Instructions 735, when executed, cause the processing resource 702 to detect one or more signatures by processing the received alerts at the one or more trained classification models deployed at the network edge. The received alerts may be processed by the one or more trained classification models without forwarding the alerts to the core. The detection of signatures may include detection of one or more of a simple signature representing a single alert from a single node; a complex signature representing a plurality of alerts from the single node; or a compound signature representing multiple alerts from multiple nodes. The detection may include analysis of alerts stored in the buffer. Detection of complex or compound signatures may include use of stored time stamps associated with the alerts in detection of signatures including timing or ordering constraints for the alerts of the signature.


Instructions 740, when executed, cause the processing resource 702 to perform one or more actions to address a signature that is detected by the one or more trained classification models, where the specific actions are dependent on the type of signatures that are detected.


The following clauses pertain to further examples. Specifics may be applied anywhere in one or more examples. The various features of the different examples may be variously combined with certain features included and others excluded to suit a variety of different applications. Examples may include subject matter such as a method, means for performing acts of the method, at least one machine-readable medium, such as a non-transitory machine-readable medium, including instructions that, when performed by a machine, cause the machine to perform acts of the method, or of an apparatus or system for facilitating operations according to examples described herein.


In the description above, for the purposes of explanation, numerous specific details are set forth in order to provide a thorough understanding of the described examples. It will be apparent, however, to one skilled in the art that examples may be practiced without some of these specific details. In other instances, well-known structures and devices are shown in block diagram form. There may be intermediate structure between illustrated components. The components described or illustrated herein may have additional inputs or outputs that are not illustrated or described.

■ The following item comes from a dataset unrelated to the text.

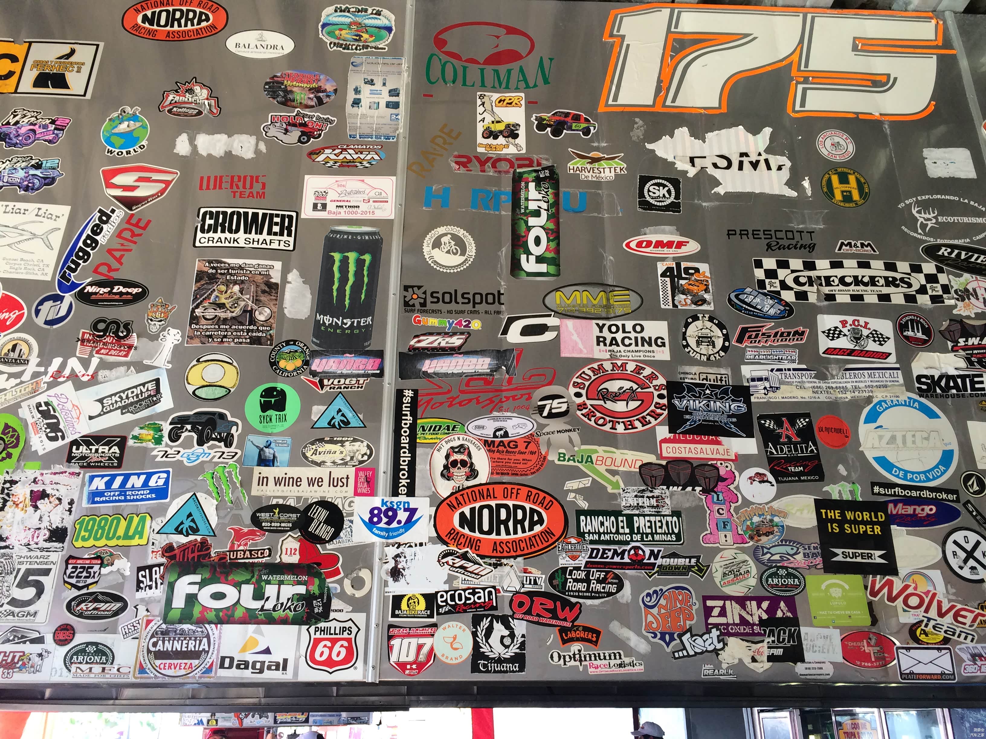 这些贴纸都是来城里参加比赛的车队以及赞助商的Logo, 这么多贴纸证明大家都在此逗留过,也都钟爱这里的食物,我们也贴了几张以示到此一游。。

Various examples may include various processes. These processes may be performed by hardware components or may be represented in computer program or machine-executable instructions, which may be used to cause a general-purpose or special-purpose processor or logic circuits programmed with the instructions to perform the processes. Alternatively, the processes may be performed by a combination of hardware and software.


Portions of various examples may be provided as a computer program product, which may include a computer-readable medium having stored thereon computer program instructions, which may be used to program a computer (or other electronic devices) for execution by one or more processors to perform a process according to certain examples. The computer-readable medium may include, but is not limited to, magnetic disks, optical disks, read-only memory (ROM), random access memory (RAM), erasable programmable read-only memory (EPROM), electrically-erasable programmable read-only memory (EEPROM), magnetic or optical cards, flash memory, or other type of computer-readable medium suitable for storing electronic instructions. Moreover, examples may also be downloaded as a computer program product, wherein the program may be transferred from a remote computer to a requesting computer. In some examples, a non-transitory computer-readable storage medium has stored thereon data representing sequences of instructions that, when executed by a processor, cause the processor to perform certain operations.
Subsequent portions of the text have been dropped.